A terapia de reposição enzimática é utilizada para doenças genéticas em que há produção insuficiente ou nula de uma enzima. Esta enzima normalmente está nos lisossomos, organela da célula que é responsável pela digestão intracelular, promovendo a degradação de partículas extracelulares e moléculas ingeridas pelas células. Os distúrbios lisossômicos compreendem um grupo de mais de 50 doenças progressivas hereditárias diferentes.

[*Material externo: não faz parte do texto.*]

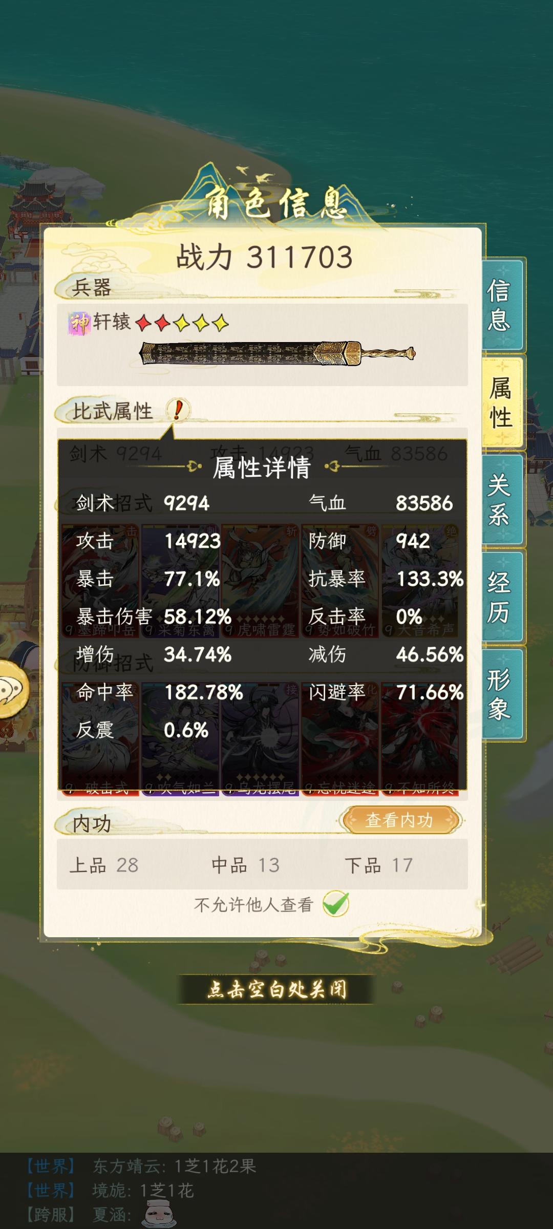 武馆阵法全通弦月91关差900防御(开锋的词条就给了我200多的防御,宠物词条还没刷出来防御,如果我给防御内功全升了,大概能给300,那就是差2100-1200-300-200=400,宠物词条真的能给到400吗?我还是再指望指望开锋吧)剑心这100块钱一块的玉也太不友好了,毕竟我跟零氪的唯一区别就是多了几个外观,等我过年发压岁钱再说吧神品的衣服还差两套就齐了,日常自恋ing,感觉自己捏的脸

A terapia de reposição enzimática, como o próprio nome diz, realiza a reposição da enzima que o organismo normalmente não produz. A enzima é produzida em laboratório, a partir de células geneticamente modificadas.

A primeira terapia de reposição enzimática foi para a doença de Gaucher. A descoberta de genes que codificam diferentes enzimas lisossômicas permitiu a produção em larga escala de proteínas humanas recombinantes. A maioria dessas proteínas carregam um açúcar residual, chamado manose-6-fosfato (M6P), que se liga ao receptor M6P na superfície das células.

O receptor M6P é extremamente importante para terapia de reposição enzimática em pessoas com distúrbios de armazenamento lisossômico. Em uma pessoa saudável, cada célula produz suas próprias enzimas lisossômicas e, em muitas dessas enzimas, as moléculas de M6P ficam expostas. O receptor M6P, depois de se ligar ao M6P (ligado à enzima), puxa a enzima para uma rede vesicular (rede trans Golgi) que eventualmente o entrega ao lisossomo.

Alternativamente, o receptor M6P desvia para membrana celular externa (plasma), onde pode capturar uma enzima exógena equipada com grupos M6P  para o citoplasma iniciando um processo chamado endocitose. Existe, portanto, um caminho através do qual a enzima exógena, entregue terapeuticamente, pode atingir o lisossomo e compensar a deficiência enzimática no distúrbio de armazenamento lisossômico.

> Doença de Pompe

A Doença de Pompe ou glicogenose tipo II é um distúrbio neuromuscular hereditário que causa fraqueza muscular progressiva. Caracteriza-se pela deficiência da enzima que faz a quebra do glicogênio. A falta ou redução desta enzima faz o glicogênio se acumular dentro das células, causando a destruição do tecido muscular.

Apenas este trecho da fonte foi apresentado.